Pasireotide Therapy in Patients With Nelson's Syndrome

Nelson Syndrome Clinical Trial

Official title:

An Open Label, Longitudinal Study of the Effects of Subcutaneous Acute and Chronic Pasireotide (som230) Therapy on Adrenocorticotrophic Hormone and Tumour Volume in Patients With Nelson's Syndrome

Clinical Trial Details — Status: Terminated

Administrative data

• NCT number: NCT01617733
• Other study ID #: STH15164
• Secondary ID: 2009-014457-33
• Status: Terminated
• Phase: Phase 2
• First received: June 8, 2012
• Last updated: November 1, 2016
• Start date: March 2011
• Est. completion date: December 2015

Study information

• Verified date: November 2016
• Source: Sheffield Teaching Hospitals NHS Foundation Trust
• Contact: n/a
• Is FDA regulated: No
• Health authority: United Kingdom: Medicines and Healthcare Products Regulatory AgencyUnited Kingdom: Research Ethics Committee
• Study type: Interventional

Clinical Trial Summary

Nelson's syndrome, an expanding pituitary tumour, occurs in up to 30% of adults after bilateral adrenalectomy for Cushing's disease, for which no medical treatment exists. Plasma Adrenocorticotrophic hormone (ACTH) levels in these patients remain high, they are characteristically deeply pigmented, and may experience neurological effects as a consequence of the tumour. It is not known whether the tumour growth is due to the lack of cortisol feedback after adrenalectomy or whether the pituitary cells were preprogrammed to develop into a tumour.

There is a real need for an effective medical management for Nelson's syndrome. This is especially true given the increasing data on the somewhat disappointing longterm outcome of transsphenoidal surgery, and the increasing use of aparoscopic bilateral adrenalectomy for failures of pituitary surgery or even as primary therapy for Cushing's disease. Therefore, it is likely that there will be increasing numbers of patients attending endocrine centres worldwide with Nelson's syndrome following bilateral adrenalectomy as part of their management for Cushing's disease.
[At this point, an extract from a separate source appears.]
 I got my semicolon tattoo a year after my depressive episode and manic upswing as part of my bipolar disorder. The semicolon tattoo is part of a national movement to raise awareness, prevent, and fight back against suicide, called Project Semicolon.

In view of this it is important to investigate all potential avenues for the treatment of Nelson's syndrome and translate any benefits to patients.
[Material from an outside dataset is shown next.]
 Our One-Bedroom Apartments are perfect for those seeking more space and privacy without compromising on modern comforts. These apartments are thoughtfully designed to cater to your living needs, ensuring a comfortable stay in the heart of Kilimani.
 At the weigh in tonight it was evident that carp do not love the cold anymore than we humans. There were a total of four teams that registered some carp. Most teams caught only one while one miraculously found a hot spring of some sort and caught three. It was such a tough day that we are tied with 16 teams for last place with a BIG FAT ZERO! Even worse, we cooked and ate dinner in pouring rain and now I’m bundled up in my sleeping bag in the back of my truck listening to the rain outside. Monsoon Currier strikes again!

This study, designed and initiated by the investigators, will assess if pasireotide reduces ACTH levels and tumour volume in patients with Nelson's syndrome. Patients will be recruited for a period of 32 weeks and receive 4 weeks of pasireotide twice daily and then 24 weeks of pasireotide long acting release therapy every 4 weeks. Over the 32 week protocol patients will make 12 visits for serial ACTH blood measurements and have 2 MRI scans to assess tumour volume.

Description:

As above

Recruitment information / eligibility

• Status: Terminated
• Enrollment: 8
• Est. completion date: December 2015
• Est. primary completion date: August 2015
• Accepts healthy volunteers: No
• Gender: Both
• Age group: 18 Years to 80 Years

Eligibility

Inclusion Criteria:

• To be verified at Visit one and confirmed at Visit two

• Male or female patients aged 18-80 years

• Signs and symptoms consistent with Nelson's Syndrome

• Biochemistry consistent with Nelsons syndrome: failure to suppress plasma ACTH to less than 200 pg/ml at 2 hours following morning dose of hydrocortisone

• Negative pregnancy test where applicable

Exclusion Criteria:

• Received any prior or current treatment with a pasireotide or other somatostatin analogue.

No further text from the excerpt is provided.